Il est désormais manifeste que le Liban entre dans une phase critique de son histoire contemporaine, à la croisée des lignes de fracture internes et des projections régionales qui l’enserrent depuis des décennies. À l’épreuve des tensions croisées qui traversent son tissu institutionnel, communautaire et stratégique, le pays s’apprête à vivre, ce mardi 5 août, une séquence politique dont les conséquences pourraient restructurer – ou définitivement disloquer – ce qui subsiste de l’ordre républicain.

L’agenda du Conseil des ministres, apparemment technique, dissimule une charge politique et symbolique d’une rare intensité. Le Premier ministre, Nawaf Salam, est sommé de faire un choix, non pas entre la guerre et la paix, illusions trop souvent brandies comme des absolus, mais entre deux formes d’effondrement: celui de l’autorité de l’État face à l’arme illégitime ou celui de son gouvernement face au retrait des forces souverainistes.

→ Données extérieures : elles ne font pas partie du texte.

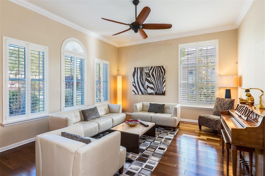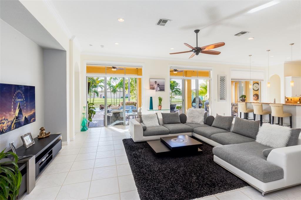 Elegant wide lakefront pool home on over 1/2 acre lot in gated, luxe community of Hibbs Grove. This is the largest one story plan built. Open & inviting w volume ceilings, formal living & dining, huge family room & eat-in kitchen overlooks the 41ft covered patio w motorized retractable screens & extended sunshade awnings, pool & lake. Kitchen features newer stainless appliances, granite,extended white wood cabinets & walk-in pantry. Huge Master suite and bath w walk-in closets has direct pool & water view. Great bedroom layout w 4 bedrooms & 2 adjacent baths. Separate 6th bedroom/den just needs closet door. Extras include accordion hurricane shutters, built-in closet systems. Tropically landscaped grounds, oversized 3 car garage.HOA includes lawn care, cable, alarm

Dans un premier scénario, le chef du gouvernement, sous l’impulsion de ses partenaires occidentaux, introduirait un calendrier graduel de désarmement du Hezbollah. Cette proposition, en apparence modérée, signerait en réalité une rupture fondamentale dans l’équilibre tacite ayant prévalu depuis l’Accord de Doha de 2008: le refus d’aborder frontalement la question des armes du Hezbollah en contrepartie d’une stabilité institutionnelle relative. Une telle remise en cause provoquerait la démission immédiate des ministres affiliés au Hezbollah et au mouvement Amal, avec en toile de fond une mobilisation progressive des structures parallèles de la résistance chiite, déjà observée ces dernières semaines dans le Sud et dans la banlieue sud de Beyrouth.

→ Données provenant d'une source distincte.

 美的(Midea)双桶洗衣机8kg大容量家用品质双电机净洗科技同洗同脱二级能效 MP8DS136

Les signaux sont clairs: réunions discrètes avec les autorités locales, activation des réseaux civils de soutien, déploiement logistique dans les villages frontaliers. Ce n’est pas d’un simple retrait gouvernemental qu’il s’agit, mais d’une préfiguration assumée d’un basculement vers la confrontation directe avec l’État.

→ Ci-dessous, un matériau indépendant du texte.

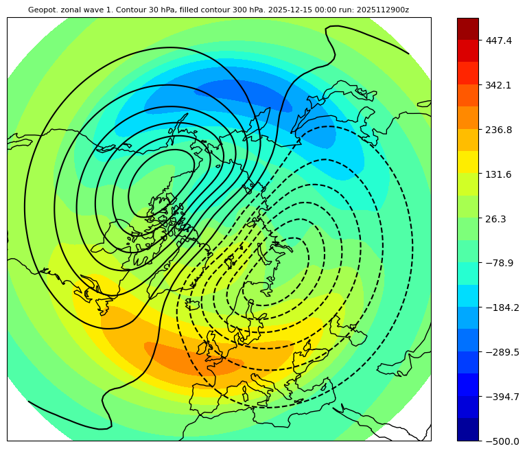 Situace nicméně začne být s prosincem aspoň v něčem pozitivní. Opět se po pauze vrací efekt planetárních vln. Zhruba na přelomu první a druhé dekády prosince budeme svědky výraznějšího nastavení účinku vlny wave-2. Výhled totiž dává možnost silně vyvinuté stratosférické vlně 2, která má potenciál narušit a rozdělit polární vortex. Vlna-2 Vyvolává dvojité proti-silové působení na vortex, nevyvolává pouze jeho vychýlení z osy (to by byla wave-1), ale natahuje a deformuje PV ve dvou osách, což často vede k oslabení nebo přímo splitu vortexu. Prvotní nájezd dojíždí v těchto dnech a další s velkou pravděpodobností dorazí zhruba na přelomu 1/2. dekády měsíce. Zároveň se v té době ukazuje další vlna účinků planetární vlny 1, tedy i nadále vychýlení vortexu (stratosférického) nad Sibiř, což pak umocňuje přenos tepla do jádra víru a následné možnosti oslabování, které se +/- v té době začíná modelovat. O tom jak tyto vlny fungují jsem psal v rozboru zde: https://diskuse.in-pocasi.cz/tema-11-7928-Jaka_bud...

À l’inverse, si Nawaf Salam choisit de temporiser et renonce à soumettre ce point à discussion, il se heurtera au retrait coordonné des ministres des Forces libanaises, des Kataëb et du Parti socialiste progressiste. Ce départ acterait une rupture de légitimité du gouvernement et consacrerait, de fait, la mise sous tutelle du Liban institutionnel par une milice armée, adossée à un axe régional ouvertement anti-occidental.

Ce vide politique ouvrirait un champ d’action sans précédent à Israël dont les sources sécuritaires laissent déjà filtrer une volonté d’aller au bout du problème lors du prochain cycle d’affrontements. La guerre de l’été 2024, bien que violente, avait préservé une certaine retenue tactique. Celle qui vient pourrait, selon des analyses diplomatiques européennes, cibler non plus les infrastructures militaires périphériques, mais les centres de gravité du Hezbollah: réseaux de financement, quartiers généraux, relais politiques et hauts responsables.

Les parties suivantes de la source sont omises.